Multi-vector and chunked columns share the same Arrow type, but the per-element offsets column (<column>_offsets) is only produced for chunked columns.

Configuring a Multi-Vector Column

Define an embedding on a List<Utf8> column the same way as a scalar string column. Spice detects the list type and embeds each element independently.

datasets:
- from: file:products.parquet
name: products
acceleration:
enabled: true
columns:
- name: tags # List<Utf8>
embeddings:
- from: local_embedding_model
aggregation: max
max_elements_per_row: 64

embeddings:
- from: huggingface:huggingface.co/sentence-transformers/all-MiniLM-L6-v2
name: local_embedding_model

Aggregation Strategies

When a multi-vector column is queried with a single query string, each element's similarity to the query is computed, and the per-row score is the aggregate of those similarities.

aggregationDescription
maxColBERT-style MaxSim. Row scores as high as its best-matching element (default).
meanAverage similarity across elements. Favors rows where most elements are relevant.
sumSum of similarities. Biases toward rows with many matching elements.

Element Caps

Multi-vector columns default to embedding the first 32 elements per row. Raise the cap with max_elements_per_row (hard-capped at 1024). Excess elements are dropped with a warning log so that rows with unbounded tag counts do not blow up embedding cost.

A multi-vector column is queried with the standard vector_search UDTF. The configured aggregation is applied automatically.

SELECT product_id, name, score
FROM vector_search(products, 'travel accessories', tags)
ORDER BY score DESC
LIMIT 10;

Multi-vector columns also support ColBERT-style late-interaction search, where the query itself is an array of strings. Each query is embedded independently, the best-matching element is selected for each query (MaxSim), and the per-row score is the sum across queries:

score(d) = Σ_{q ∈ Q} max_{e ∈ d} cos(q, e)
SELECT product_id, name, score
FROM vector_search(
products,
['hiking', 'waterproof', 'lightweight'],
tags
)
ORDER BY score DESC
LIMIT 10;

Late-interaction search is only supported on multi-vector columns; passing an array of queries to a scalar or chunked column returns an error.

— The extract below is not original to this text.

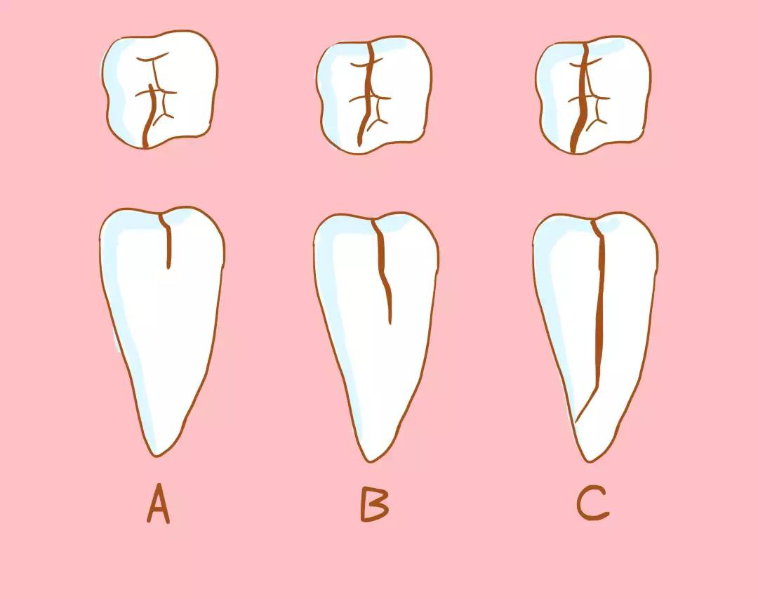 如果牙齒有裂紋,經(jīng)常會覺得牙齒酸痛。但是不同深度的裂紋,疼痛的感覺和程度也不同。一般,裂紋分為三種:

A maximum of 32 query strings are accepted per call.

Passthrough Multi-Vector Columns

Datasets that already contain multi-vector columns can be used directly when their schema matches the conventions in Vector-Based Search:

  • Column name: <original_column>_embedding
  • Type: List<FixedSizeList<Float32 or Float64, N>>
  • No offsets column (that is only required for chunked scalar columns)

Declare the underlying column's embedding in spicepod.yaml so that Spice knows which embedding model the existing vectors came from.

Limitations

  • Multi-vector embeddings require the source column to be List<Utf8> or LargeList<Utf8>.
  • Late-interaction search accepts at most 32 query strings per call.
  • Multi-vector columns cannot currently be stored in an external vector engine; use a data accelerator with acceleration.enabled: true to cache embeddings.